Input data
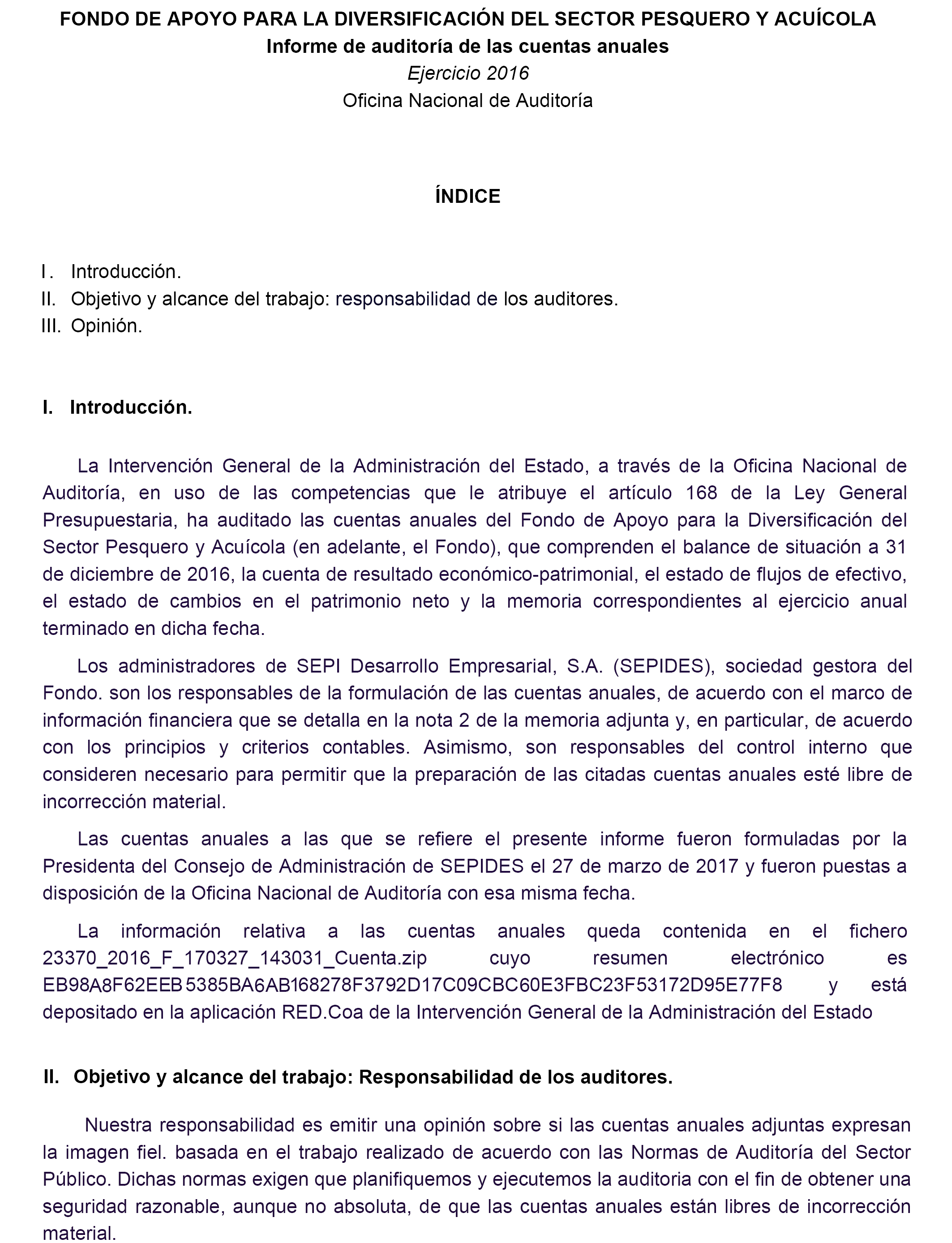 En cumplimiento de lo dispuesto en la Resolución de 12 de septiembre de 2013, de la Intervención General del Estado, por la que se regula el procedimiento de obtención, formulación, aprobación y rendición de las cuentas anuales para los fondos carentes de personalidad jurídica a que se refiere el apartado 2 del artículo 2 de la Ley General Presupuestaria, se hace público el resumen de las cuentas anuales del ejercicio 2016 del Fondo de Apoyo para la Diversificación del Sector Pesquero y Acuícola, para general conocimiento.
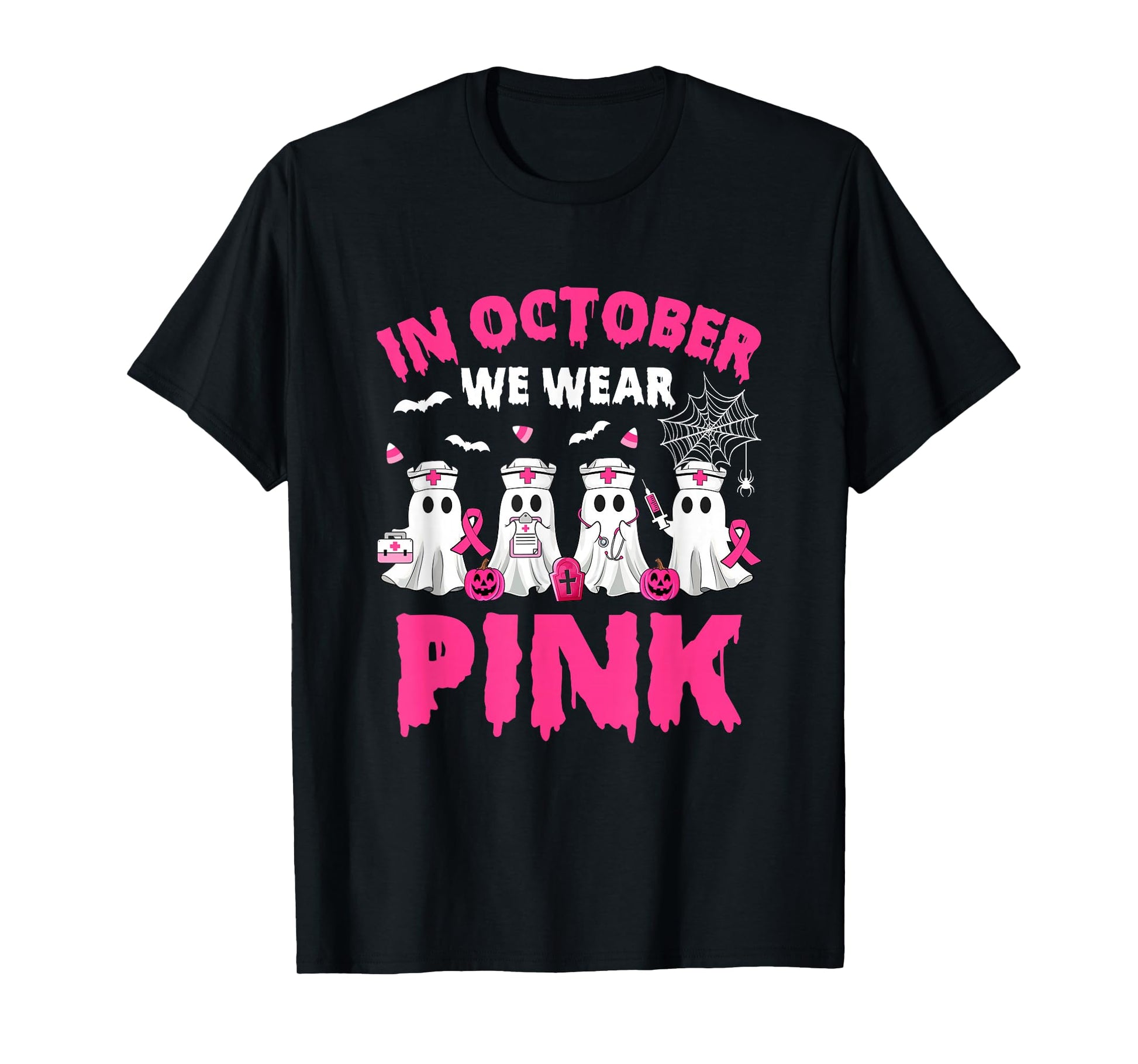 In October We Wear Pink Nurse Ghost Halloween Breast Cancer T-Shirt
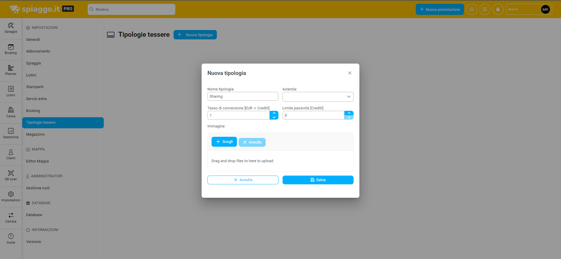 Cliquez sur le bouton correspondant, après avoir sélectionné la carte que vous venez de créer dans la liste et défini le crédit à reconnaître (qui peut être fixe ou en pourcentage), puis sauvegardez.
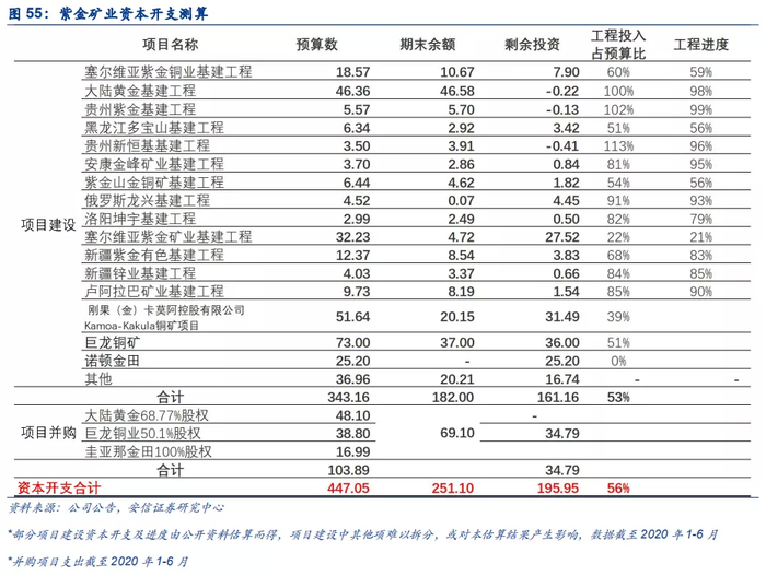 公司确定2020年是“项目建设年”,全面加快资源优势向效益优势转变,多个重点项目建设捷报频传。矿产铜方面,KK项目、塞尔维亚紫金铜业、Timok项目、巨龙铜矿建设顺利。截至2020年11月上旬,KK项目地下开拓工程超预期,地表堆场矿石储备充足,选矿厂和其他地表基础设施建设进展顺利,目前公司已经开始讨论铜精矿销售方案。
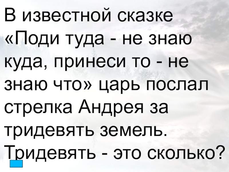 - не знаю что» царь послал стрелка Андрея за тридевять земель. Тридевять - это сколько?
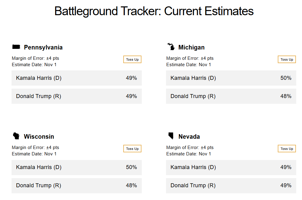 CBS News' Battleground Tracker provides the latest estimates of support for Harris and Trump in these states as the 2024 campaign comes to a close. Estimates are based on CBS News/YouGov polling and analysis.
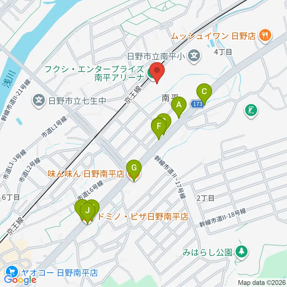 フクシ・エンタープライズ南平アリーナ周辺のファミレス・ファーストフード一覧地図

What to produce
Output the data above exactly, beginning at its first line and ending with the line that holds "- это сколько?". Leave out the pictures and add nothing.

Expected answer
 En cumplimiento de lo dispuesto en la Resolución de 12 de septiembre de 2013, de la Intervención General del Estado, por la que se regula el procedimiento de obtención, formulación, aprobación y rendición de las cuentas anuales para los fondos carentes de personalidad jurídica a que se refiere el apartado 2 del artículo 2 de la Ley General Presupuestaria, se hace público el resumen de las cuentas anuales del ejercicio 2016 del Fondo de Apoyo para la Diversificación del Sector Pesquero y Acuícola, para general conocimiento.
 In October We Wear Pink Nurse Ghost Halloween Breast Cancer T-Shirt
 Cliquez sur le bouton correspondant, après avoir sélectionné la carte que vous venez de créer dans la liste et défini le crédit à reconnaître (qui peut être fixe ou en pourcentage), puis sauvegardez.
 公司确定2020年是“项目建设年”,全面加快资源优势向效益优势转变,多个重点项目建设捷报频传。矿产铜方面,KK项目、塞尔维亚紫金铜业、Timok项目、巨龙铜矿建设顺利。截至2020年11月上旬,KK项目地下开拓工程超预期,地表堆场矿石储备充足,选矿厂和其他地表基础设施建设进展顺利,目前公司已经开始讨论铜精矿销售方案。
 - не знаю что» царь послал стрелка Андрея за тридевять земель. Тридевять - это сколько?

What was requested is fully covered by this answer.